■ **DATA BELOW**:
-- Opening Marker --

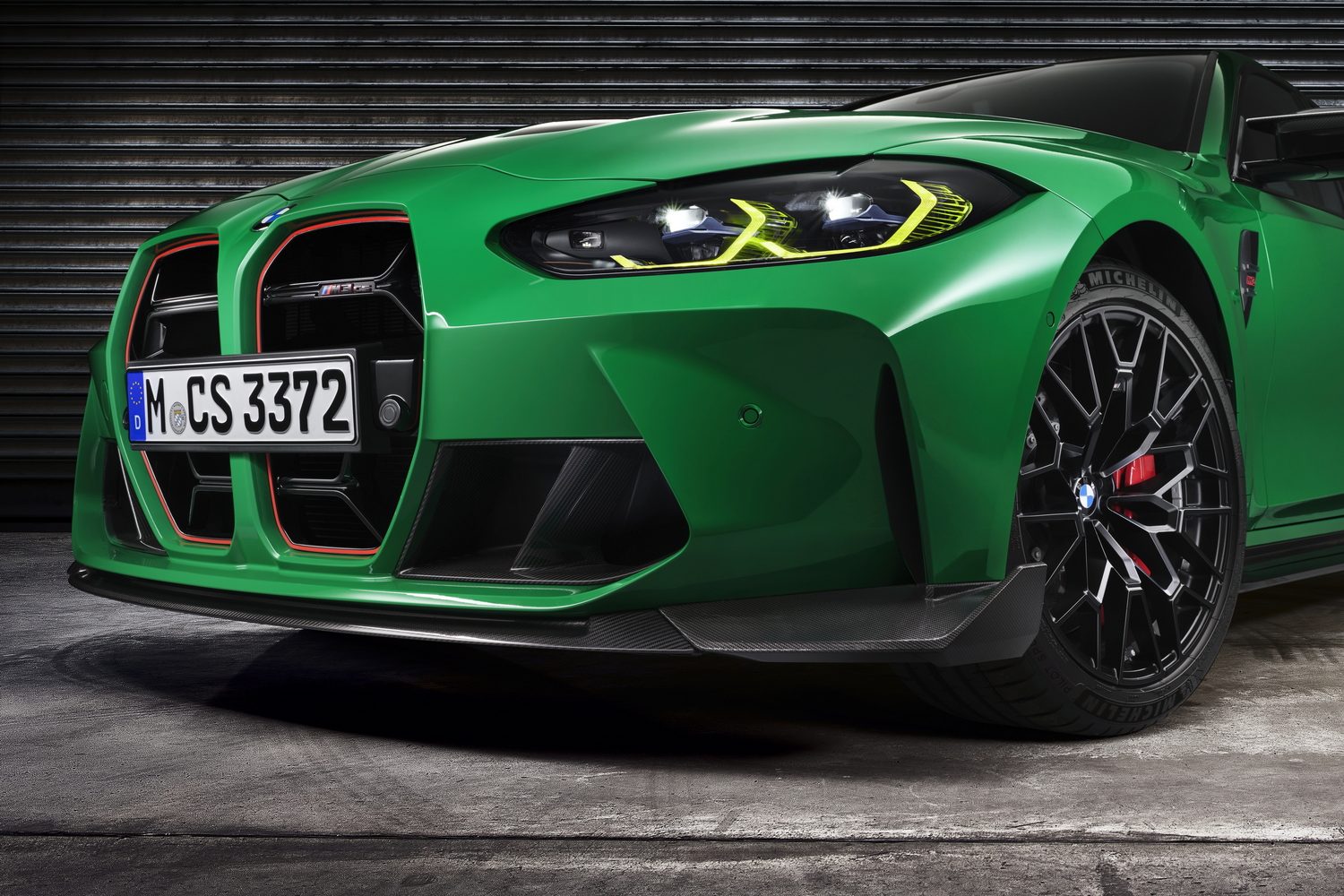 Some of that carbon lends the M3 CS its unique design, as there's exposed material on the bonnet, while the aerodynamic splitter under the restyled kidney grille is more prominent than in other M3s. Red and black is used on the M3 CS badging throughout, while the standard BMW Laserlight headlamps use yellow instead of white for a distinctive appearance that references GT racing.
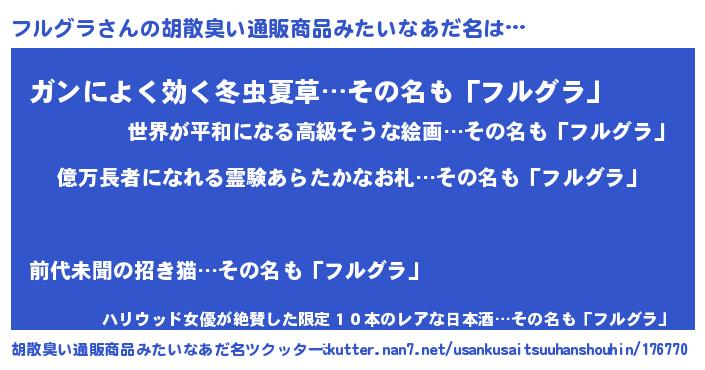 | ヒーロー風カッコイイあだ名 | 『スーパーフルグラ』『究極戦士フルグラ』 |
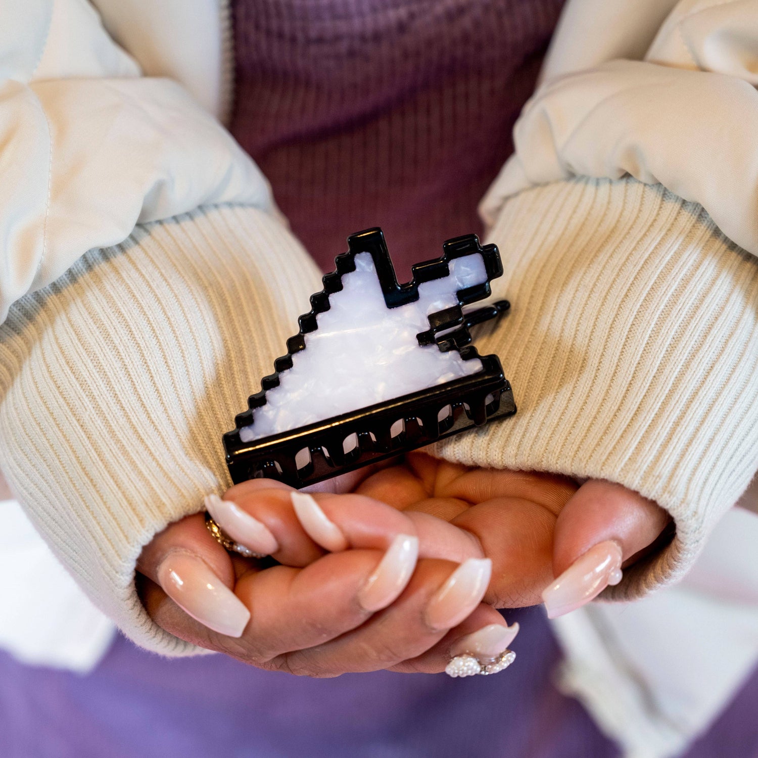 Customers will be lined up at your door for my Hair Claws- no joke! Super viral on social media with over 30M views and constant sold out preorders. Such high demand that we don't hold on to stock for longer than a few days. Easily recognizable and a great gift. Draw customers into your store to check out these hair claws only usually bought/available online. This Career Clip is perfect for computer scientists, web designers, chronically online girlies, world wide web surfers, and more!
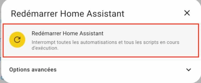 Redémarrer Home Assistant

-- Closing Marker --

■ **WHAT TO DO**: The required output is an exact copy of the lines from the one with "ヒーロー風カッコイイあだ名 | 『スーパーフルグラ』『究極戦士フルグラ』 |" through the final line of the data above, with pictures removed.

■ **TASK SOLUTION**:
 | ヒーロー風カッコイイあだ名 | 『スーパーフルグラ』『究極戦士フルグラ』 |
 Customers will be lined up at your door for my Hair Claws- no joke! Super viral on social media with over 30M views and constant sold out preorders. Such high demand that we don't hold on to stock for longer than a few days. Easily recognizable and a great gift. Draw customers into your store to check out these hair claws only usually bought/available online. This Career Clip is perfect for computer scientists, web designers, chronically online girlies, world wide web surfers, and more!
 Redémarrer Home Assistant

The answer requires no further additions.